PCDF prende servidores do Detran por fraude em contratos de manutenção

A Polícia Civil do Distrito Federal (PCDF), em conjunto com a Promotoria de Justiça de Defesa do Patrimônio Público e Social (Prodep), do Ministério Público do DF e Territórios (MPDFT), deflagrou, na manhã desta terça-feira (4/5), a Operação Recall. A ação tem como objetivo investigar fraudes em contratos de manutenção de veículos do Departamento de Trânsito do DF (Detran-DF) cometidas, desde 2018, por uma suposta organização criminosa composta por servidores da autarquia e proprietários de oficinas mecânicas.

Os policiais cumpriram quatro mandados de prisão temporária, sendo três contra servidores do Detran-DF, e um em desfavor do proprietário da oficina mais beneficiada com o esquema, além de 12 mandados de busca e apreensão em várias cidades no DF e em Formosa (GO).

Os crimes começaram a ser apurados pelo Detran-DF. Ao detectar as irregularidades, o órgão comunicou a PCDF. As investigações apontaram que a fraude consistia em utilizar a cotação de preços com valores muito acima dos praticados no mercado, assim como na cobrança de peças não trocadas e serviços não realizados, contando com a participação de representantes de oficinas mecânicas em conluio com os servidores do órgão. Os funcionários da autarquia atestavam a conformidade e autorizavam o pagamento.

Perícia feita pelo Instituto de Criminalística da PCDF apontou que a maior parte das peças pagas não havia sido trocada, além de apontar que foram incluídas nos orçamentos outras que nem existiam em determinados veículos. Além disso, a perícia identificou peças em avançado estado de desgaste, aumentando o risco aos servidores.

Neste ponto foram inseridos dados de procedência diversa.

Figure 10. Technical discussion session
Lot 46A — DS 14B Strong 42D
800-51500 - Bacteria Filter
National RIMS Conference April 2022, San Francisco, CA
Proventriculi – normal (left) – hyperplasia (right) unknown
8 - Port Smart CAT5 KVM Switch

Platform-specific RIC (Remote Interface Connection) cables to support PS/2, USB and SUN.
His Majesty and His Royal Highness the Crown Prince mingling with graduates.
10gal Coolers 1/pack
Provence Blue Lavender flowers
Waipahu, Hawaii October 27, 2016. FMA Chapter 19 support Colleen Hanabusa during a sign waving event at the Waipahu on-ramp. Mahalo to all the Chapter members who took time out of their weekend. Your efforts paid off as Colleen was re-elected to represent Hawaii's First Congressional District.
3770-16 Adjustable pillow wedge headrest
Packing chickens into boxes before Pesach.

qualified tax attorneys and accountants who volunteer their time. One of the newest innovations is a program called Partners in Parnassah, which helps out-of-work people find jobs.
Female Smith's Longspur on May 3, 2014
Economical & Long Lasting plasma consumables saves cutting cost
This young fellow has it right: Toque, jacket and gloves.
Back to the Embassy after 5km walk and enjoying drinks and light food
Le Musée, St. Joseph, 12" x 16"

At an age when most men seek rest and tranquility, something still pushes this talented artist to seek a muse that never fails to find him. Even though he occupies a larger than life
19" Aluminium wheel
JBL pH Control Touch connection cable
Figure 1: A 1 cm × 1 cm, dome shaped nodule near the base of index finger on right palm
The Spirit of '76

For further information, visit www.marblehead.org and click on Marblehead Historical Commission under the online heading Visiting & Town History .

Em comparação feita entre os custos de manutenção de viaturas da mesma marca e modelo de órgão similar com os custos do contrato investigado, apurou-se que no contrato do Detran-DF o gasto médio foi até 1.400% maior no período investigado.

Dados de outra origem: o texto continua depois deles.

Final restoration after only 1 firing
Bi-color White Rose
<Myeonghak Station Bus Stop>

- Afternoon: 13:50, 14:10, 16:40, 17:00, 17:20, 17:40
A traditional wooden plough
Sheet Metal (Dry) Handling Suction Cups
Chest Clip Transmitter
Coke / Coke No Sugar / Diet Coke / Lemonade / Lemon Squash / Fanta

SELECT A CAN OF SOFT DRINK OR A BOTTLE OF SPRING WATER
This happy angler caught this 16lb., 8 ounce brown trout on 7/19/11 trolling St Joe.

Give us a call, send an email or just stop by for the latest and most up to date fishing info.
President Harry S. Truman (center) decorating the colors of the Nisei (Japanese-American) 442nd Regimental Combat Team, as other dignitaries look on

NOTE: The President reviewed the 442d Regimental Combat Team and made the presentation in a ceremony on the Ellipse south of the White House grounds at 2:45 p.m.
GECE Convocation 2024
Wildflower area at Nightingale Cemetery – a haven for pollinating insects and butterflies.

Até o momento, há indícios de que os investigados possam ter cometido os crimes de organização criminosa, peculato e corrupção, cujas penas somadas podem chegar a 25 anos de prisão.

A Operação da Delegacia de Repressão à Corrupção (DRCOR/Decor) foi batizada com o termo Recall por fazer alusão ao procedimento de correção de produtos defeituosos pelo fabricante, mais conhecido no meio automotivo.

Todos policiais mobilizados para a operação utilizaram equipamento de proteção individual, além de adotarem as providências necessárias para a proteção dos moradores dos locais vistoriados e foram seguidos rigorosamente os protocolos adotados na pandemia do Covid-19.

Metrópoles entrou em contato com o Detran-DF para obter posicionamento do órgão e aguardava resposta até a última atualização desta reportagem.